Share your dilemmas and get honest opinions from other Mumsnetters.

It's a benefits one, hard hat ready

175 replies

BucketHatWoes · 28/05/2025 05:55

DS 27, ASD lives with me, we are both on DA for different reasons.

I think I want him to move out,

I manage his money for bills and shopping

but hes having issues with food now and I dont have the energy to deal with it anymore, I feel awful about it, but I find it to much,

His Dad is an asshole but hes a millionaire, so if DS stayed with him, he could eat steak instead of pasta

but he would be gaslighted and manipulated every day

Hes not learning any life skills from me at the minute, only how being broke is shit

OP posts:
BluePandaCool · 28/05/2025 05:56

This reply has been deleted

This has been deleted by MNHQ for breaking our Talk Guidelines.

arcticpandas · 28/05/2025 05:58

If dad's a millionnaire why can't he hire help for the son to teach him life skills?

Tiredofwhataboutery · 28/05/2025 05:59

You sound done in.

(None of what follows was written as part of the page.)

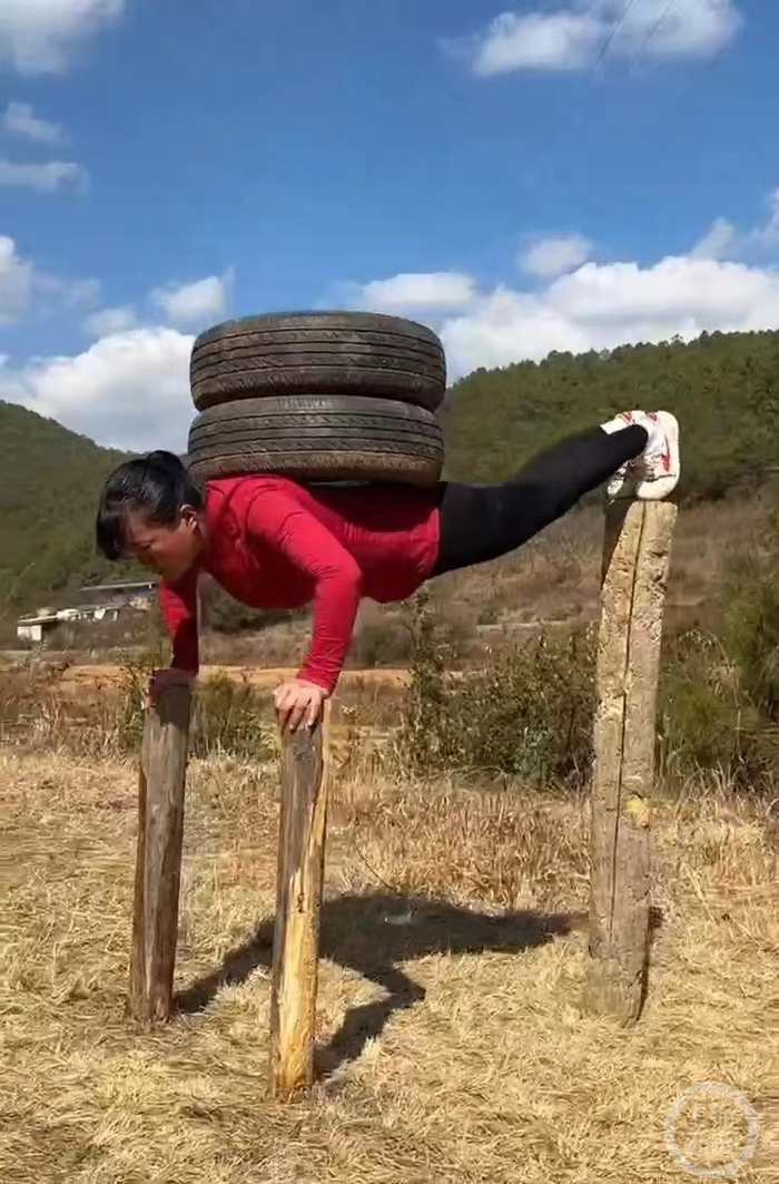 1分钟内,徒手连劈8块砖头;单脚站立在2米高,横截面不足巴掌大的独木桩上,环抱近百斤重的圆木,依旧稳如磐石;徒手掀翻400斤重的大型铲车轮胎,用时仅20秒……云南95后女孩杨慧因为挑战功夫片里的各种高难度动作,在网上走红,被许多网友称为“女版李小龙”。8日,杨慧回应上游新闻(报料邮箱baoliaosy@163.com)记者称,所有高难度动作,自己都是从武侠动作片里模仿自学而来,多年反复琢磨训练,为此受了很多伤,所以她并不建议普通人模仿。

Is his father really the only option? I wonder if a place in supported accommodation where he could learn some life skills and develop some independence would be better for him in the long run?

TimeForATerf · 28/05/2025 06:00

Too little info. Can he live independently with help such as assisted living? Will his dad have him?

Viviennemary · 28/05/2025 06:01

Maybe he could move in with his Dad for a short while and then go on to independent living with support.

RogersOrganismicProcess · 28/05/2025 06:02

Why has he not learned any life skills? Is it not being able to, or not being willing to?

havetobecareful · 28/05/2025 06:04

arcticpandas · 28/05/2025 05:58

If dad's a millionnaire why can't he hire help for the son to teach him life skills?

There might be a little clue in the fact the OP says her son would be gaslighted and manipulated, just a small one.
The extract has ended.